Fifth Chinese Daughter, first published in 1945, was one of the first memoirs by a Chinese-American. Wong chose to write in third person, rather than first person, because of Chinese habit, as she explains: “The submergence of the individual is literally practiced. In written Chinese, prose or poetry, the word ‘I’ almost never appears, but is understood” (p. xiii).

The third person point of view gives the memoir a formal feel, yet Wong’s simple, direct language is very accessible. In some ways, the book reminded me of the “Little House” books by Laura Ingalls Wilder (also written in third person), partly because Wong spends a lot of time describing the food and customs she grew up around, and also because she gets to the heart of the matter in a succinct, simple, authentic way.

I thoroughly enjoyed the hours I spent reading this book. I read it slowly, savoring each anecdote of this honest and in some ways charming coming-of-age story. As a child, Wong frequently puzzled over the differences between her home life in San Francisco’s Chinatown, where her parents owned a home-based garment factory, and the wider American world. Wong tells of her realization that the very strict upbringing of her home, devoid of outward expressions of love, was not the norm in mainstream American society.

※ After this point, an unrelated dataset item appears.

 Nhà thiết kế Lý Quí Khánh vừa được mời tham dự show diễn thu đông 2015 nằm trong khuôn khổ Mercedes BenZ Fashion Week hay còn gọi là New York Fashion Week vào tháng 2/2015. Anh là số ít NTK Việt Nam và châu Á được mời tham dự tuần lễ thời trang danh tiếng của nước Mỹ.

When little Jade Snow got hurt at school, her teacher comforted her by holding her close and wiping away her tears: “It was a very strange feeling to be held to a grown-up foreign lady’s bosom,” Wong recalls (p. 20).

Wong was an obedient daughter: she did well in both American public school, and evening Chinese school. However, when she realized that, although her parents funded her older brother’s college education, they had no plans to pay for college for her, she began to break away from the Chinese culture she’d grown up with. As she worked her way through college, she claimed individuality and freedom for herself, daring to go out with a boyfriend without her parents’ permission.

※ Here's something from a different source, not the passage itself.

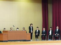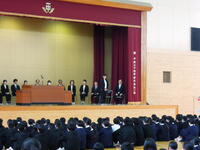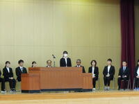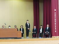 着任した教職員一人ひとりがあいさつし、生徒を代表して「生徒会長」が歓迎のことばを述べました。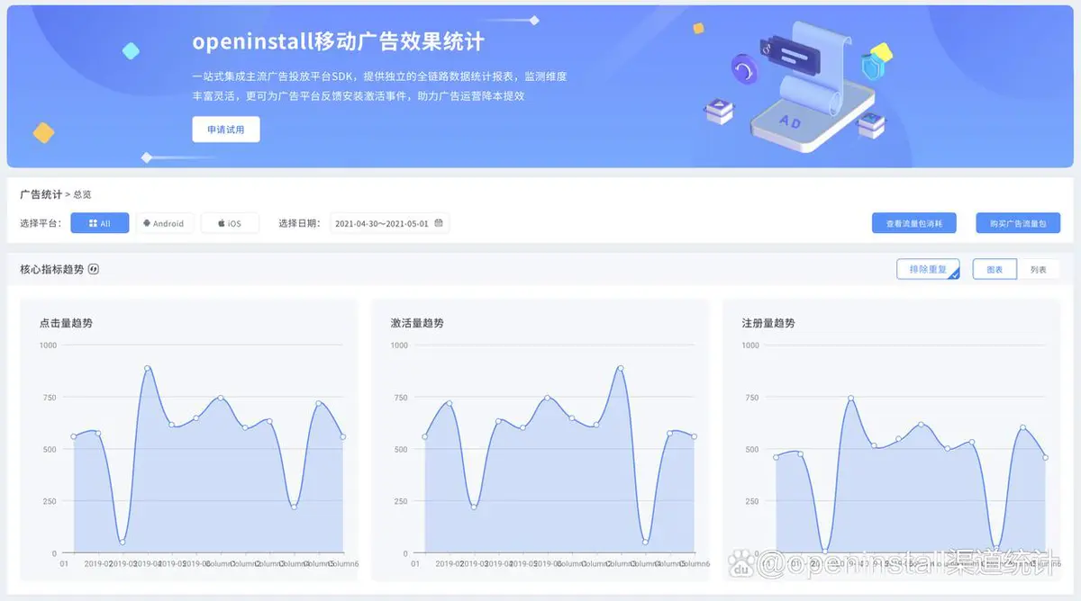 可以通过openinstall等第三方广告效果监测平台一站式对接所有广告平台,进行数据归因和效果分析,并实现oCPX类深度数据回传,让广告自动优化出价模型,实现更精准、更低成本的投放效果。

After college, Wong decided to make a living as a potter, an unheard-of profession for a Chinese-American girl. Undaunted, she set about finding a place to rent in Chinatown. Although many in Chinatown thought she was crazy, she was pleased that her father expressed his support by giving her a small motor to run her pottery wheel.

She ended up becoming well known for her vases, bowls, and mugs. Her obituary in the San Francisco Chronicle includes a lovely photo of her working at her pottery wheel.